MS is short for multiple sclerosis, a disease that affects the central nervous system (CNS), which is comprised of the brain, spinal cord, and optic nerves.
Think of the CNS as the wiring in your house. In the same way that wires carry the electricity which powers the lights in your house, the CNS transmits nerve impulses or messages from the brain, throughout the body and back again. These nerve signals help us move our limbs and use our senses of sight and touch. Because MS attacks the CNS, it can greatly affect the way we interact with the world.
How long will MS last?
Developing MS is not like catching a cold. MS is a lifelong, incurable disease which affects people in many different ways. MS is a serious chronic, progressive disease which can vary in intensity from mild to severely disabling. For some people, symptoms of MS pose only an inconvenience and do not get in the way of leading an active and productive life. For other people whose MS is more severe, symptoms can interfere with one’s ability to move, see, think, swallow, talk, or feel. Fortunately, there are a growing number of medical treatments and management approaches to affect the course of the disease and to lessen the impact of symptoms on activities of daily life.
How does MS affect me?
Many experts believe that MS is an autoimmune disease. Other types of autoimmune diseases include rheumatoid arthritis, psoriasis, Crohn’s disease, Type 1 diabetes, and lupus. In each of these conditions, the body’s immune system mistakenly attacks its own tissue and organs. In fact, the word autoimmune combines the words auto, which means self, and immune to communicate the idea of the immune system attacking itself.
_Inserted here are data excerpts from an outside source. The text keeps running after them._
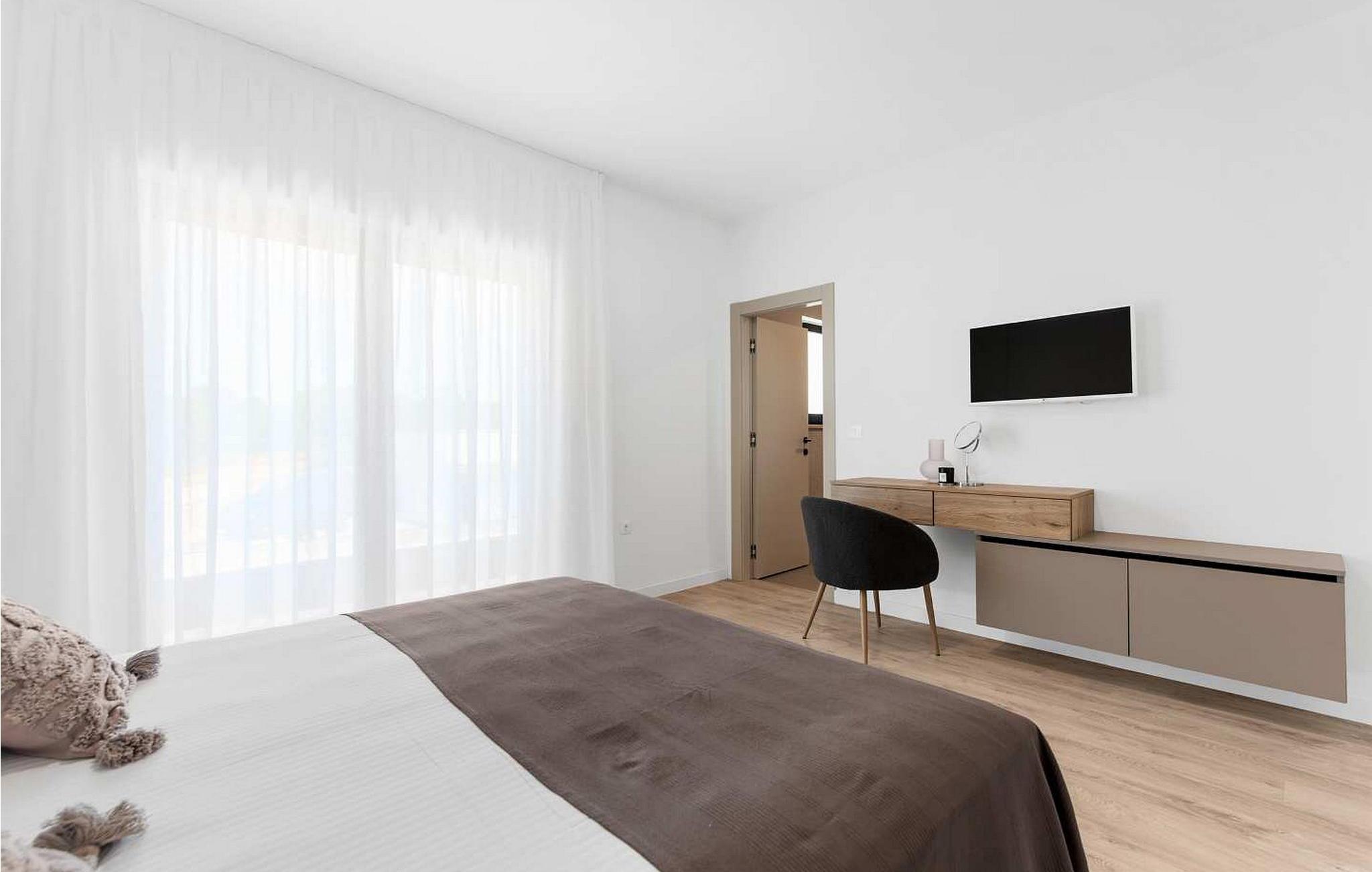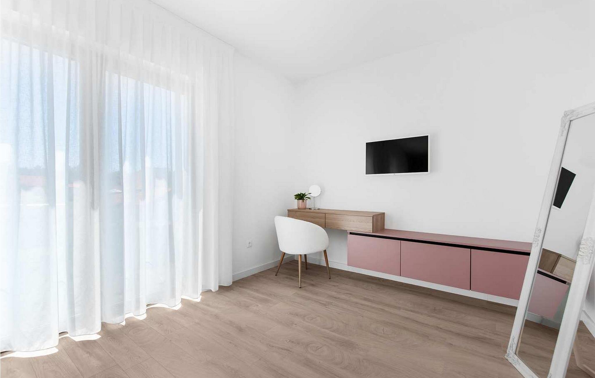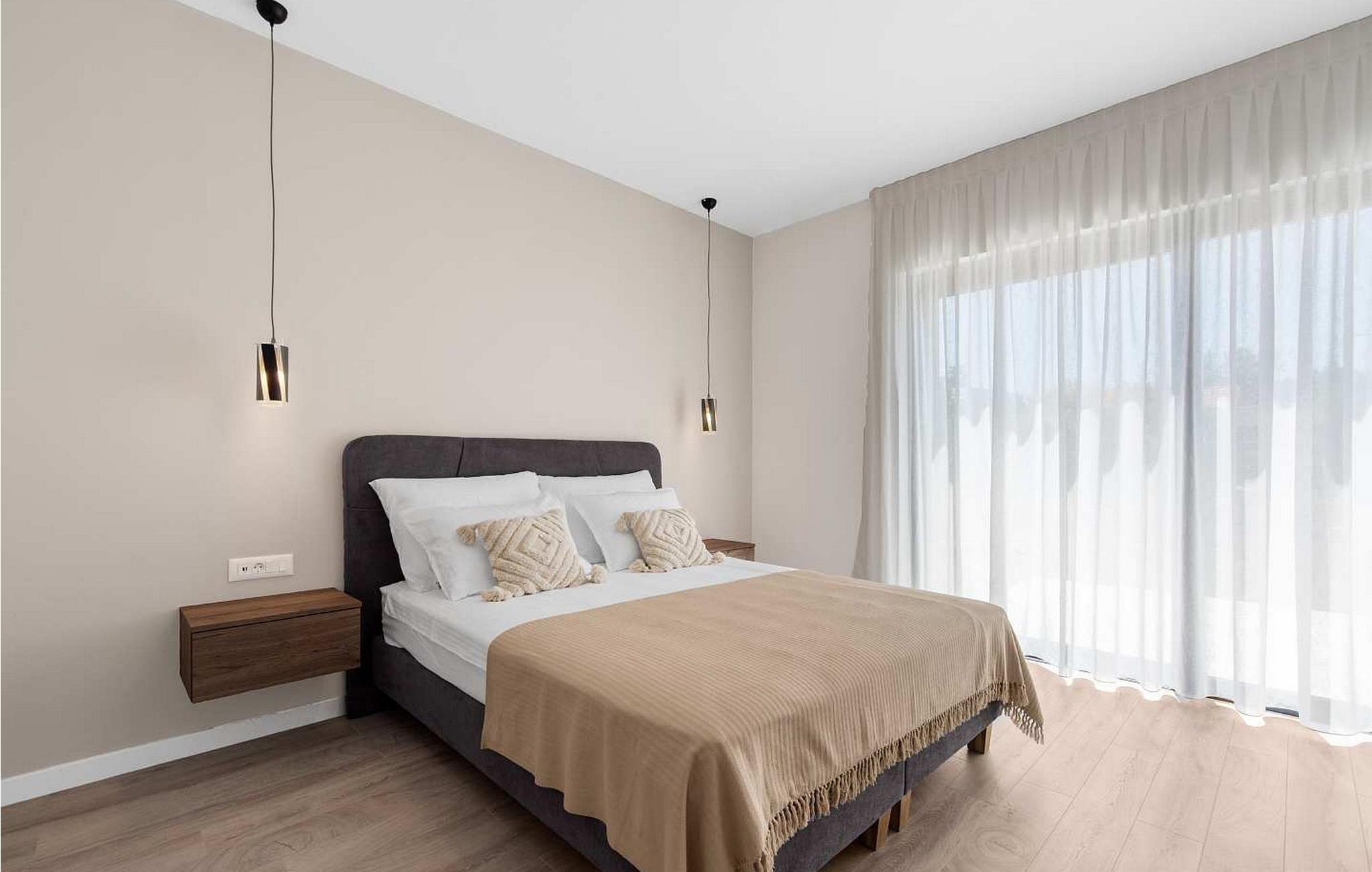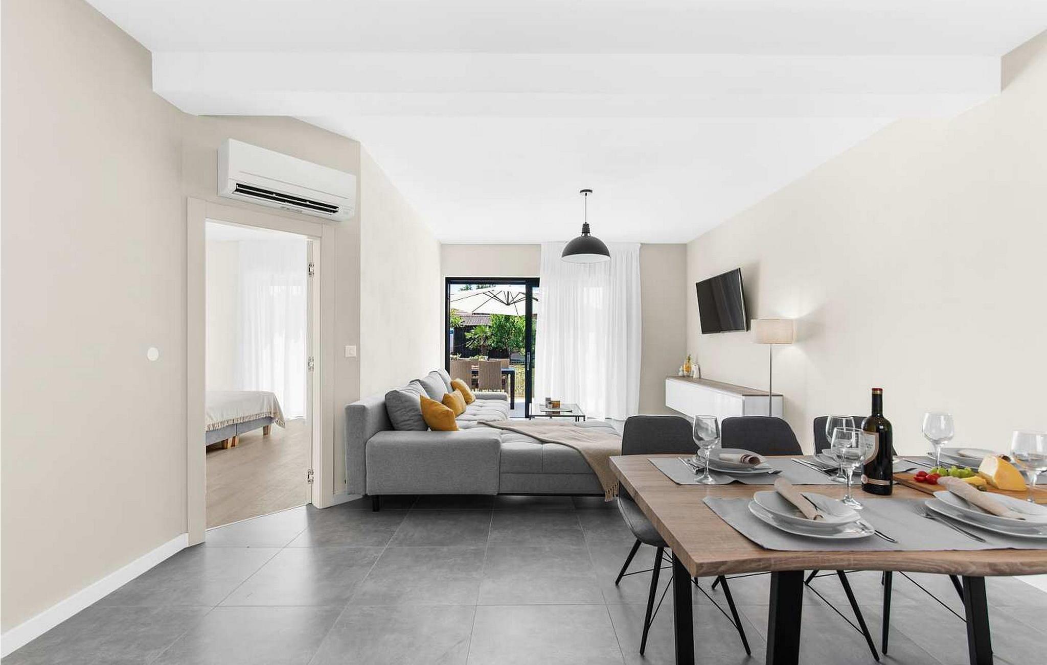 Villa Atena er en moderne designet villa med swimmingpool kun 2 km fra havet og Porec. I nærheden af huset er der indkøbscentre, pengeautomater, tankstationer, caféer, restauranter, tennis- og volleyballbaner, smukke strande. På lukket grund på 160 kvm råder gæsterne over en swimmingpool på 32 kvm, liggestole, spisebord, grill, parasol og to parkeringspladser. Villa Atena til 6 gæster har et boligareal på 150 kvm og er fordelt på to etager med aircondition. I stueetagen er der stue, fuldt udstyret køkken, soveværelse med dobbeltseng og eget badeværelse. På første sal er der to soveværelser med dobbeltsenge med private badeværelser. Bemærk venligst, at denne ejendom ikke accepterer ungdomsgrupper eller polterabends. En ungdomsgruppe på denne ejendom er en gruppe bestående af personer på 26 år eller derunder. Book ikke denne ejendom, hvis du er en ungdomsgruppe eller et polterabend, da din reservation vil blive afvist efter booking, hvilket kan omfatte ved ankomst til ejendommen eller under dit ophold, og du vil ikke blive refunderet.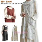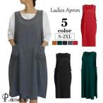 エプロン ワンピース風 レディース プルオーバー 膝下丈 ミディ丈 サイドリボン ポケット付き ゆったり 大きいサイズあり 女性用 婦人用 無地 ソリ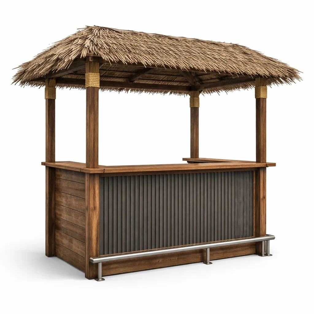 Ce bar extérieur est conçu en bois robuste avec des éléments en métal, offrant une structure stable et durable. Le toit est réalisé en chaume naturel, apportant une touche d'authenticité. Les dimensions du bar sont de 200 cm de longueur, 100 cm de largeur et 250 cm de hauteur. La barre repose sur une base en acier inoxydable, offrant une résistance supplémentaire. Ce produit nécessitera un assemblage.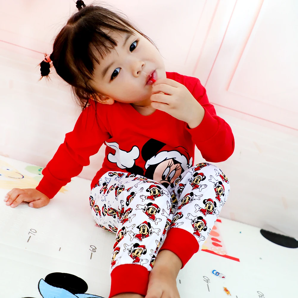Весна-Осень 2022, Детские разноцветные пижамы для мальчиков и девочек, пижамы с длинным рукавом и Минни, Рождественская одежда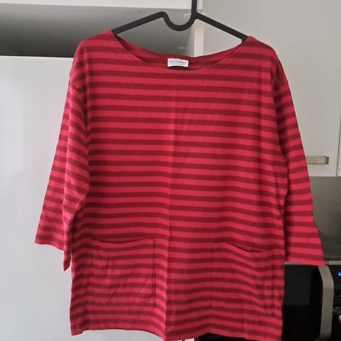 Hyväkuntoinen, mustavalkoraidallinen Marimekon vintage-t-paita. Paksua, napakkaa trikoota. Kaunis venepääntie. Hieman pintanyppyä, mutta ei häiritsevästi. Siistit kainalot.

The purpose of our immune system is to help our bodies fight off foreign invasion of substances or organisms which pose a threat to our health. For example, our immune system helps fight off infections caused by bacteria or viruses, resulting in localized inflammation. Think of the redness and swelling you experience when you get a splinter in your finger. That’s your immune system fighting bacteria that may have entered your body with the splinter. When your immune system responds to such an invasion, it sends immune cells such as lymphocytes, plasma cells (white blood cells that produce antibodies), and macrophages to attack the intruder.
Normally, our immune system uses inflammation to protect itself and fight invasion by substances or organisms that are foreign to our bodies. However, in MS, inflammation produced by our immune system is directed against parts of our central nervous system (CNS)
The autoimmune response within the CNS may cause a break in the blood-brain barrier (BBB), which is the layer of cells surrounding blood vessels in the brain and spinal cord that normally keeps substances from passing from the blood stream into the CNS. Small breaks in the BBB allow inflammatory cells to enter the CNS, resulting in the inflammation that damages nerve cells in the brain or spinal cord.
In MS, inflammatory cells attack myelin which is the fatty substance that surrounds and protects nerve fibers (or neurons). Myelin acts like a protective cover, similar to the plastic insulation that covers electrical wires. In neurons damaged by MS, parts of the myelin sheath (fatty covering) are missing.
In addition to damaging myelin, inflammation caused by MS can also damage the cells that produce myelin called oligodendrocytes. The destruction of myelin and oligodendrocytes caused by MS is called demyelination, a word that means ‘loss of myelin.’ Demyelination causes plaques (also called lesions or scars) along the myelin covering. In fact, this is where the word sclerosis in multiple sclerosis comes from. It refers to the accumulation of hardened scar tissue at the site where damage to myelin has occurred. The word multiple indicates that this scar tissue occurs in many places.
Many of the symptoms of MS involve neurologic function, a term that refers to the way our nerves or nervous system function. Common MS symptoms, including numbness, weakness, pain, imbalance, and vision problems, happen because the protective myelin coating which normally helps nerve impulses travel along the axon (part of the nerve) is damaged. The exposed axon is less able to transmit or conduct nerve impulses. Exposed axons may become further damaged and cease to function at all
When nerve fibers are not able to work normally to transmit impulses through the body, it can result in a loss of neurologic function. Think again of the comparison between your CNS and the electrical wiring in your house. What would happen if the plastic covering on some of the wires in your house wore through and the wires actually broke? Your lights might not work as they should or your appliances might suddenly turn off. Something similar happens when MS interferes with the communication of nerves in your central nervous system.